With the increasing success of radiofrequency (RF) ablation techniques, it is important that cardiologists are familiar with tachycardias and bradycardias in this context, which may benefit from a multidisciplinary approach in the management of the patient starting with the underlying mechanisms.

Tachyarrhythmias
Supraventricular Tachycardia
The most common atrial arrhythmia in OHT patients is atrial flutter (AFL) followed by atrial fibrillation (AF) with respective incidences of 2.8 %1 to 30.0 %2 and 0.3 %1 to 24.0 %.2 The discrepancies mostly reflect the fact that those studies have variable follow-up periods and often small cohorts. After 1991, the year of the first report of bicaval OHT, this technique progressively supplanted the prior standard atrial anastomosis OHT. In a small cohort of 66 patients, Grant et al.3 found a significant decrease in atrial arrhythmias in the post-operative period among patients undergoing bicaval OHT (9.7 %) compared with those undergoing standard OHT (37.1 %).
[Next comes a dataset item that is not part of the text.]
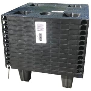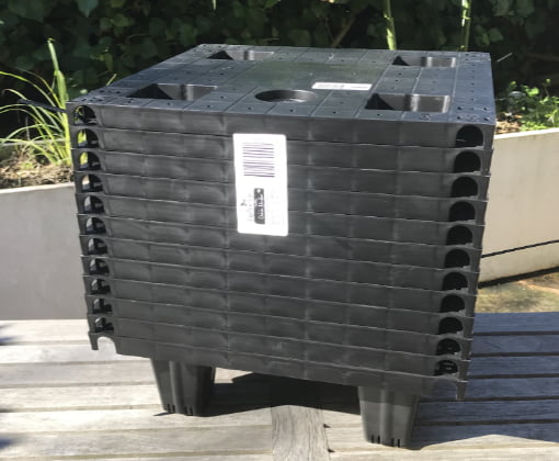 The WaterUps wicking cell is an Australian designed and manufactured product that can be used in a wide variety of garden and landscape watering environments. They are modular in design to enable the quick and easy construction of a water wicking bed - also referred to as a “self-watering” or "sub-irrigated" bed. Each WaterUps wicking cell is 400mm(L) x 400mm(W) x 130mm(H) with provision for an inlet and overflow pipe. The cells are manufactured from recycled polypropylene and are comprised of a rigid deck with 4 “wicking legs” that can be interlocked to form a raised platform or cut to shape to form a space that has a water reservoir below. Each cell is designed to allow the legs to be filled with soil/potting mix to act as wicks. These wicks allow water from the reservoir to moisten the soil layer above the cell base by the process of capillary action. The cells are connected with cross-shaped joiners which, due to their modular nature, allow the cells to fit any size or shape garden bed configuration. When constructed, the WaterUps wicking cells can store around 120 litres of water below each square metre of cells. WaterUps wicking cells weigh approximately 800gms each, are stackable, and come in packs of 12, which with a combined weight under 10kg, makes them easy to carry. They can also be cut to shape or size using a jigsaw or hand saw to fit into narrower or irregular shaped spaces. The system is filled directly to the reservoir below via the inlet pipe using a garden hose. In the event of heavy rain, any water that passes through the soil to the reservoir will be reused. Excess water will flow out of the bed via the overflow pipe, thereby resulting in excellent drainage to avoid the bed becoming waterlogged. There is always an air space between the soil above and the water below allowing the soil to breathe.

Maintenance of atrial conformation with better ventricular filling and a reduced tendency to mitral and tricuspid regurgitation may have contributed to this acute decrease.4 In stable OHT patients, only reentrant atrial tachycardia (AT) linked to surgical scars at atrial suture lines seem decreased withbicaval OHT, but not other ATs.5 The major limitation of such studies is that this group also represents the most recently treated patients, and other factors including advances in medical therapy may contribute to the findings.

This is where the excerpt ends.